▸ **WORK INSTRUCTIONS**:
What you should end up with is an exact copy of the lines from the one holding "CD. VICTORIA, TAMAULIPAS, 22" through the last line of the entries below, both included, and nothing else; leave every picture out.
⁂
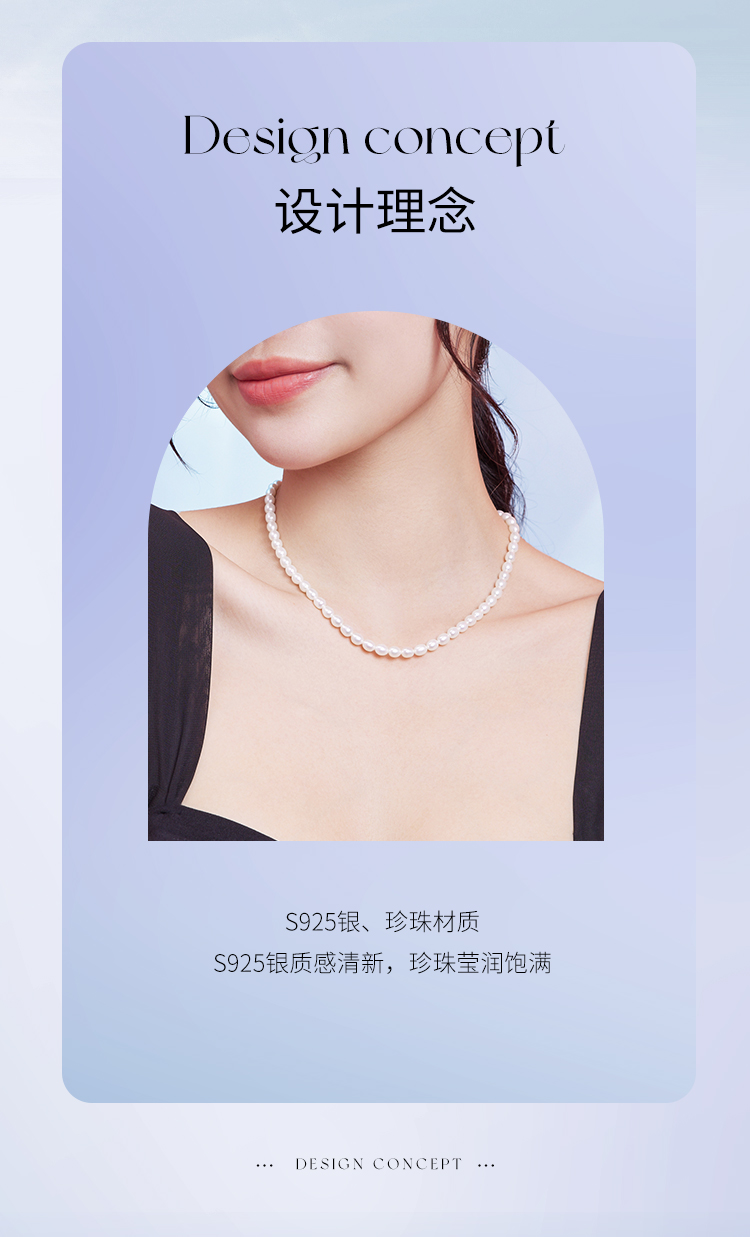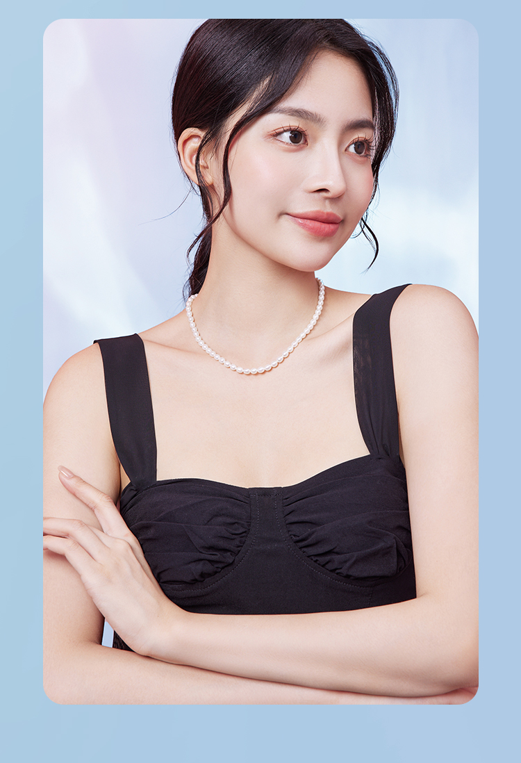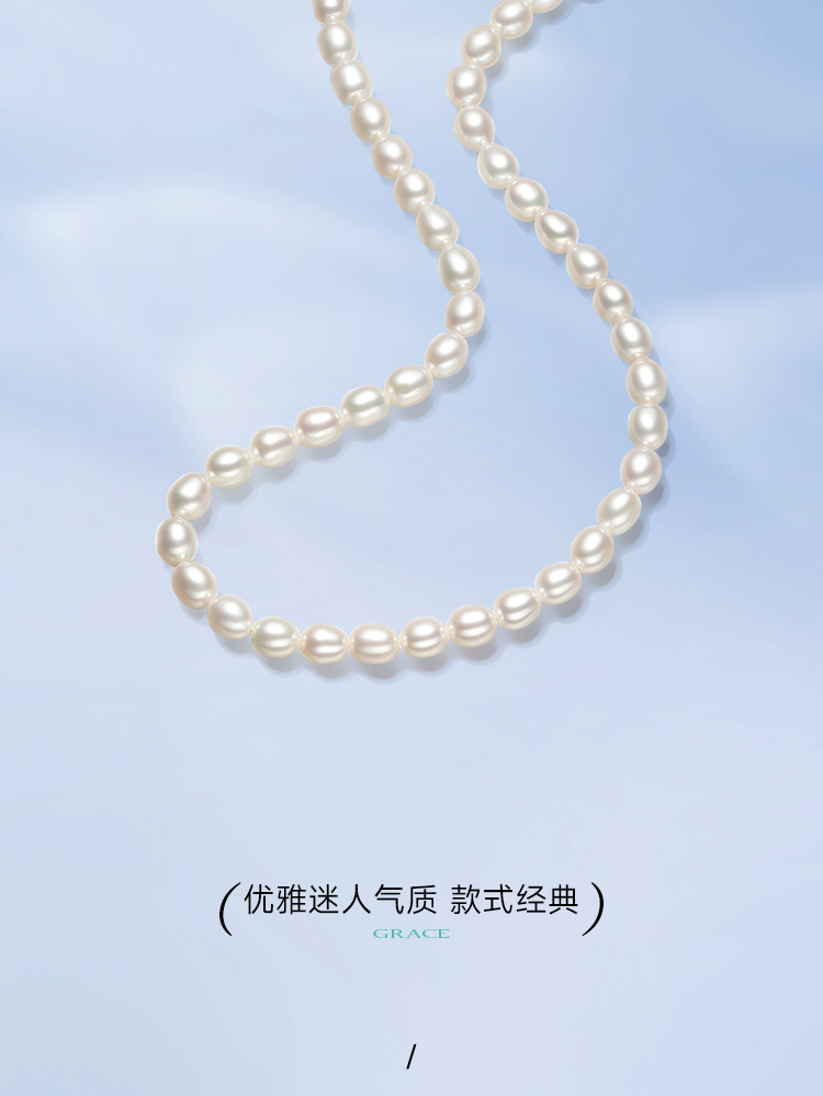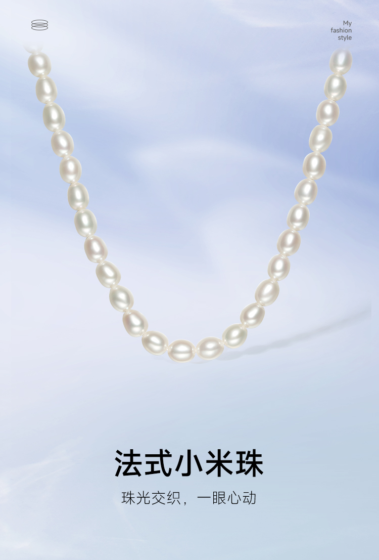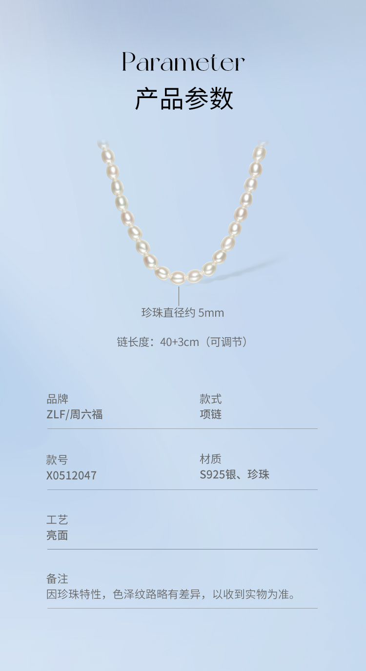 周六福S925银珍珠项链女款小米珠法式优雅淡水珍珠颈饰送女友礼物
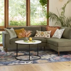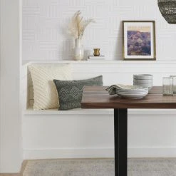 World Market Ivory and Green Woven Square Indoor Outdoor Throw Pillow
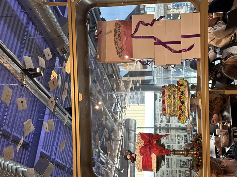 The scene is an indoor establishment, identified as a cafe or bakery, located in Three Rivers, United Kingdom. The upper portion of the image reveals a ceiling with exposed silver ventilation ducts, black track lighting fixtures, and a metal grid, all appearing under a purple illumination. Numerous cream-colored paper letters, each sealed with a red wax-like stamp, are suspended at various heights from the ceiling grid. Occupying the midground is a large display case with a gold-colored frame, showcasing three distinct arrangements. On the left, a multi-tiered white cake, adorned with a large red bow, is topped by a small figure dressed in a dark coat and hat, holding a red stick. This cake rests on a golden pedestal, which is decorated at its base with a small green and red festive wreath. To its right, a multi-layered cake with green and purple frosting, decorated with red cherries and dark berries, sits on a white pedestal. Further to the right, a vertical stack of four plain white gift boxes is secured with purple ribbons. The topmost box contains a pink cake with the words "HAPP BIRTDA Y HARRY" piped in green frosting. Through the glass of the display case and the windows behind it, an outdoor urban environment is visible, characterized by light-colored stone buildings and distant pedestrians. A wall in this background displays multiple "WANTED" posters. The lower portion of the image depicts the interior of the establishment, where several patrons are seated at dark tables with dark chairs. Objects on the tables include white coffee cups and plates with pastries. Individuals are partially obscured, with a woman having blonde hair visible in the lower-left corner. Patrons are engaged in seated consumption of refreshments.
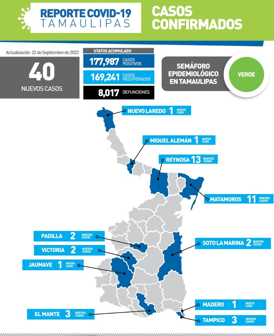 CD. VICTORIA, TAMAULIPAS, 22 DE SEPTIEMBRE DE 2022.– Aunque los casos de COVID-19 han disminuido durante las últimas semanas, es fundamental no bajar la guardia ni relajar las medidas de prevención para evitar un rebrote de la enfermedad, señaló desde esta ciudad capital la secretaria de Salud de Tamaulipas, Gloria Molina Gamboa.
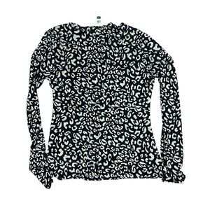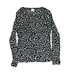 Cabi Blouse Women’s Medium Top Black Ivory Leopard Animal Print Style 4163
⁂
▸ **YOUR RESPONSE**:
 CD. VICTORIA, TAMAULIPAS, 22 DE SEPTIEMBRE DE 2022.– Aunque los casos de COVID-19 han disminuido durante las últimas semanas, es fundamental no bajar la guardia ni relajar las medidas de prevención para evitar un rebrote de la enfermedad, señaló desde esta ciudad capital la secretaria de Salud de Tamaulipas, Gloria Molina Gamboa.
 Cabi Blouse Women’s Medium Top Black Ivory Leopard Animal Print Style 4163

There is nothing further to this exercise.